The data:
[Start of Attachment]

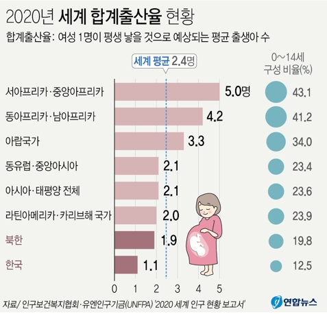 합계 출산율은 가임기 여성이 평생 낳는 자녀수를 가리키는 숫자다.
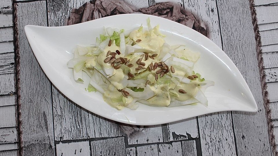 Chinakohl Weisskohl Salat Mit Joghurt Leinol Dressing Und Sonnenblumenkernen Von Patty Chefkoch
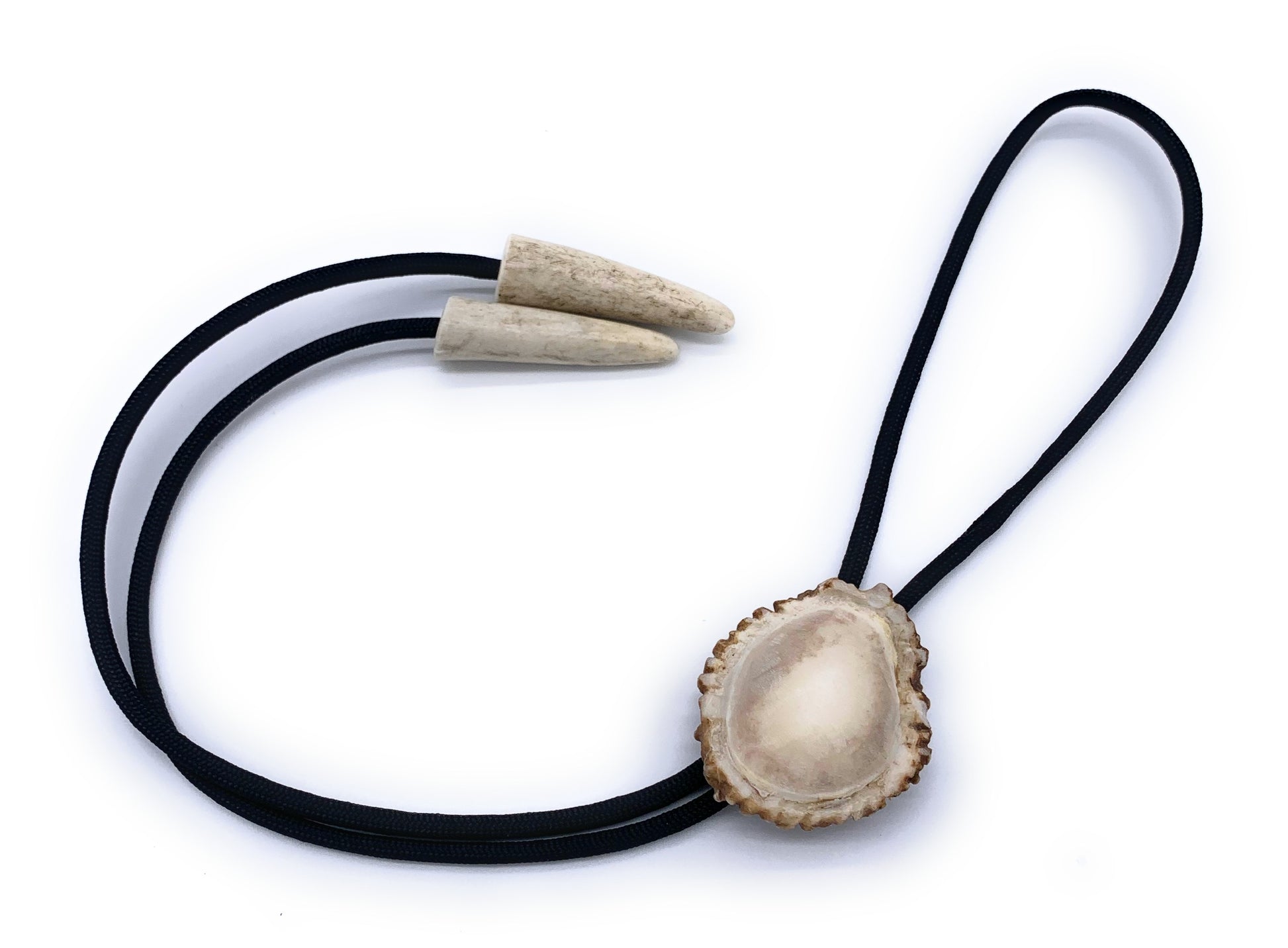Polished Burr Bolo with Antler Tips. Deer burr measures approximately 1.5" - 2" in diameter with 38" of leather.
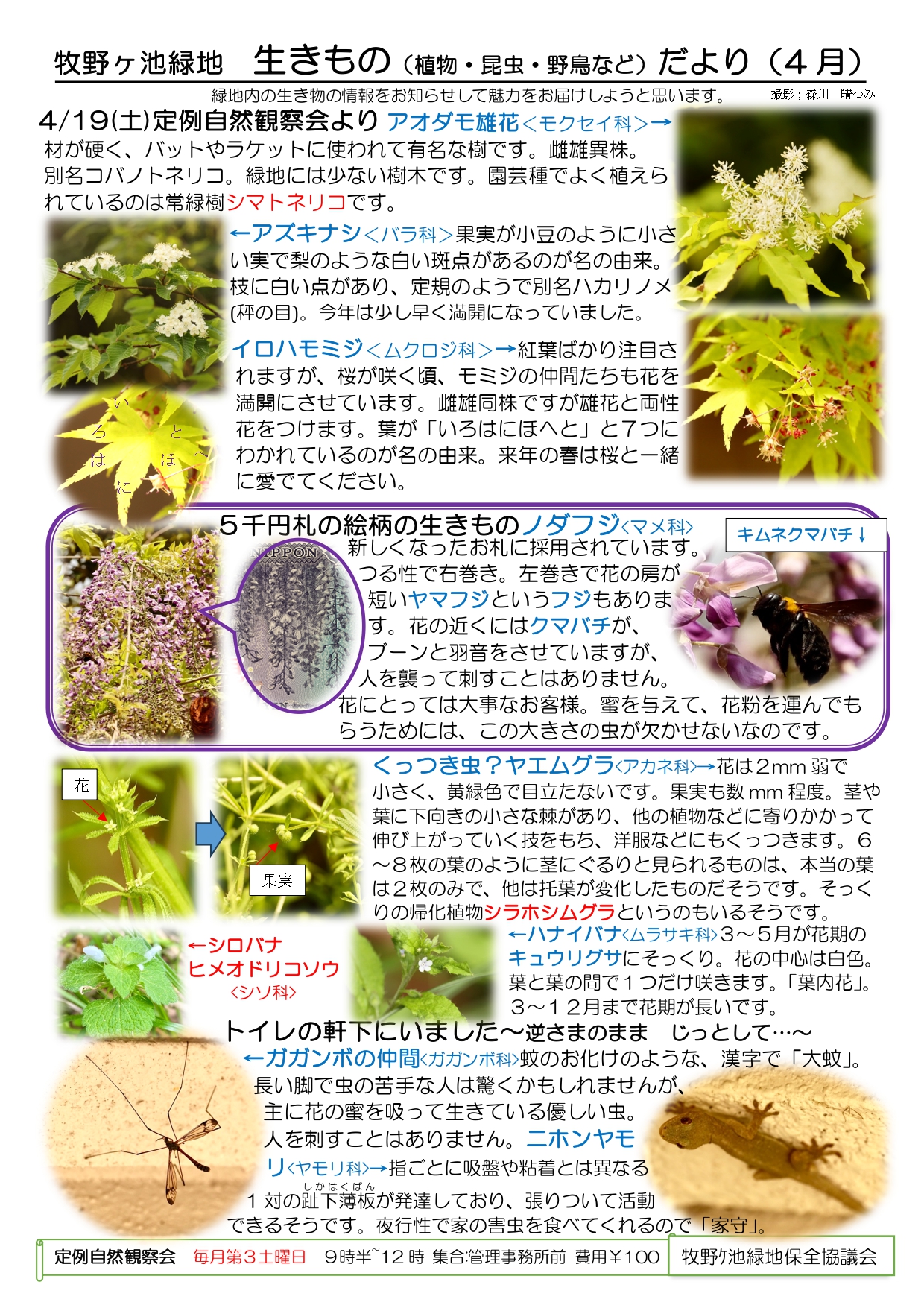 【お知らせ】牧野ケ池緑地 生きものだより(令和7年4月) 更新日 2025/05/15 牧野ケ池緑地 生きものだより(令和7年4月)が届きました。 こちらは、牧野ケ池緑地保全協議会の方々により作成されています。

[End of Attachment]

Directions: Print, exactly as written, the lines from the one containing "Polished Burr Bolo" to the end of the material, both ends included, and nothing else; no pictures.

Answer space:
Polished Burr Bolo with Antler Tips. Deer burr measures approximately 1.5" - 2" in diameter with 38" of leather.
 【お知らせ】牧野ケ池緑地 生きものだより(令和7年4月) 更新日 2025/05/15 牧野ケ池緑地 生きものだより(令和7年4月)が届きました。 こちらは、牧野ケ池緑地保全協議会の方々により作成されています。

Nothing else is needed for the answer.